Records for the exercise:

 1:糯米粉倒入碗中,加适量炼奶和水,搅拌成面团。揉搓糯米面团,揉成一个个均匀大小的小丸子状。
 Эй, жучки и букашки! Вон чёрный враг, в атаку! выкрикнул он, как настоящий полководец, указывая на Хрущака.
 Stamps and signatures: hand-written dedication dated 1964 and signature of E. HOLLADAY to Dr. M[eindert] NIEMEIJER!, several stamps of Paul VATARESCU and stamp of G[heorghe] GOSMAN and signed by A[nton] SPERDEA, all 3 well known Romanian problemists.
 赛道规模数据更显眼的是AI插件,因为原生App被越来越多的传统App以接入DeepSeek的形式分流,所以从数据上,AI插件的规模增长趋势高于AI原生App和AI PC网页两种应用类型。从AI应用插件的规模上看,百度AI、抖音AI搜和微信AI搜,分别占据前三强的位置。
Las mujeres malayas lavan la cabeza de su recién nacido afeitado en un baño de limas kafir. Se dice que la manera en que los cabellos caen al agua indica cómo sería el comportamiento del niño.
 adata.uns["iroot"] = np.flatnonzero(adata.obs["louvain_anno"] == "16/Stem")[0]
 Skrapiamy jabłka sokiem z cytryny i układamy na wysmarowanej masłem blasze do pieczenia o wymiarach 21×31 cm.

==

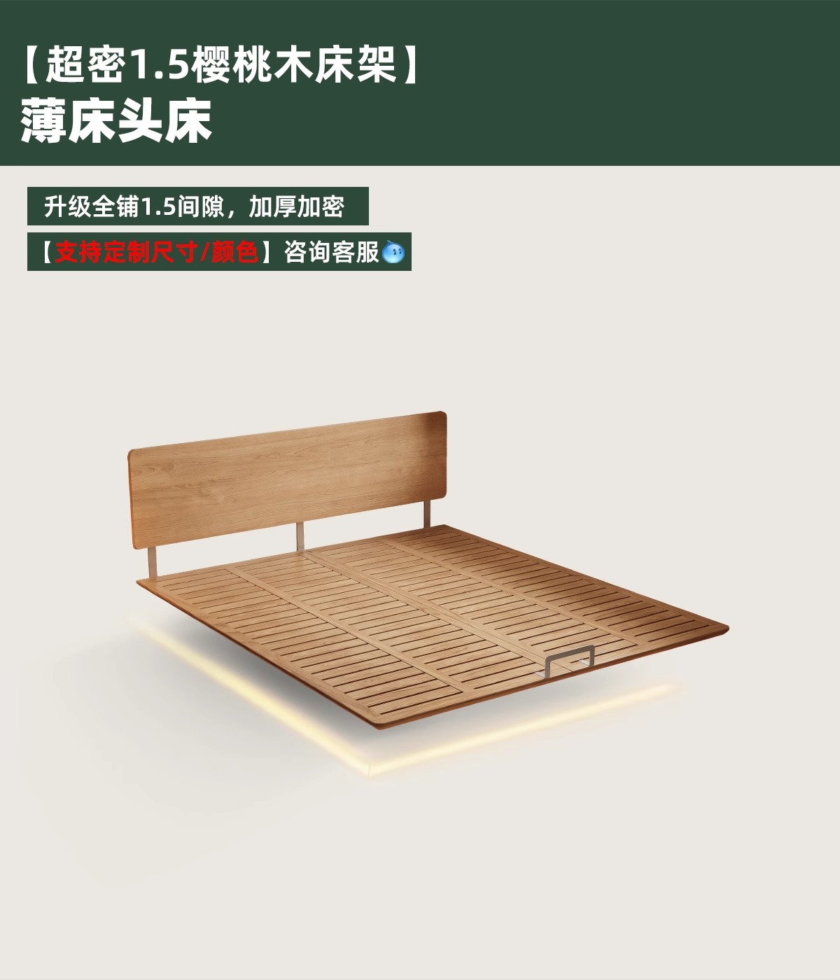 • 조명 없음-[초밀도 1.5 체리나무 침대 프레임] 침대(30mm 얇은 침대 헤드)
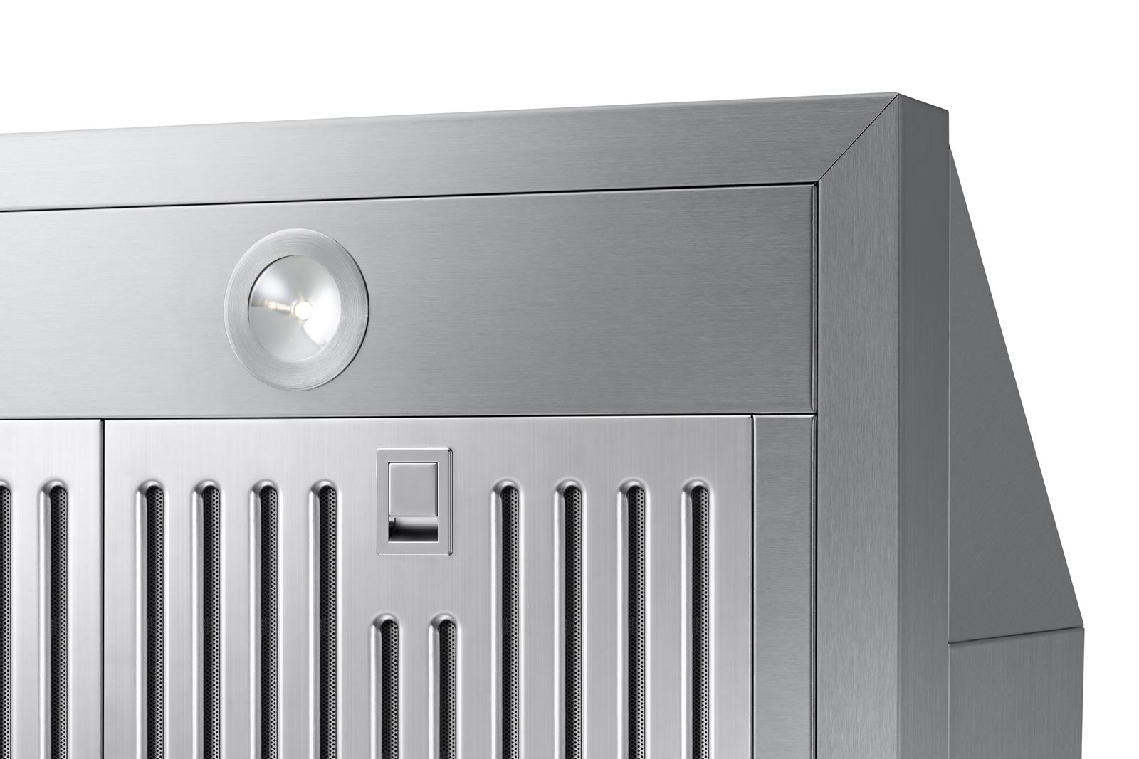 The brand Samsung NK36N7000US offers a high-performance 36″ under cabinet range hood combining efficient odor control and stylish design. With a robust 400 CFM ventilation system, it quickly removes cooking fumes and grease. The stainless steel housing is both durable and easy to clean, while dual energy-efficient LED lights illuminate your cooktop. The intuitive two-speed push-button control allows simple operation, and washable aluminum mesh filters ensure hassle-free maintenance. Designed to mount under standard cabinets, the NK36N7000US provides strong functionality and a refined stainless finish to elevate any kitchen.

Task directions: Return the lines above from the one with "침대(30mm 얇은 침대 헤드)" through the one with "The brand Samsung", verbatim and nothing else. Omit every picture.

Solution for this task:
 • 조명 없음-[초밀도 1.5 체리나무 침대 프레임] 침대(30mm 얇은 침대 헤드)
 The brand Samsung NK36N7000US offers a high-performance 36″ under cabinet range hood combining efficient odor control and stylish design. With a robust 400 CFM ventilation system, it quickly removes cooking fumes and grease. The stainless steel housing is both durable and easy to clean, while dual energy-efficient LED lights illuminate your cooktop. The intuitive two-speed push-button control allows simple operation, and washable aluminum mesh filters ensure hassle-free maintenance. Designed to mount under standard cabinets, the NK36N7000US provides strong functionality and a refined stainless finish to elevate any kitchen.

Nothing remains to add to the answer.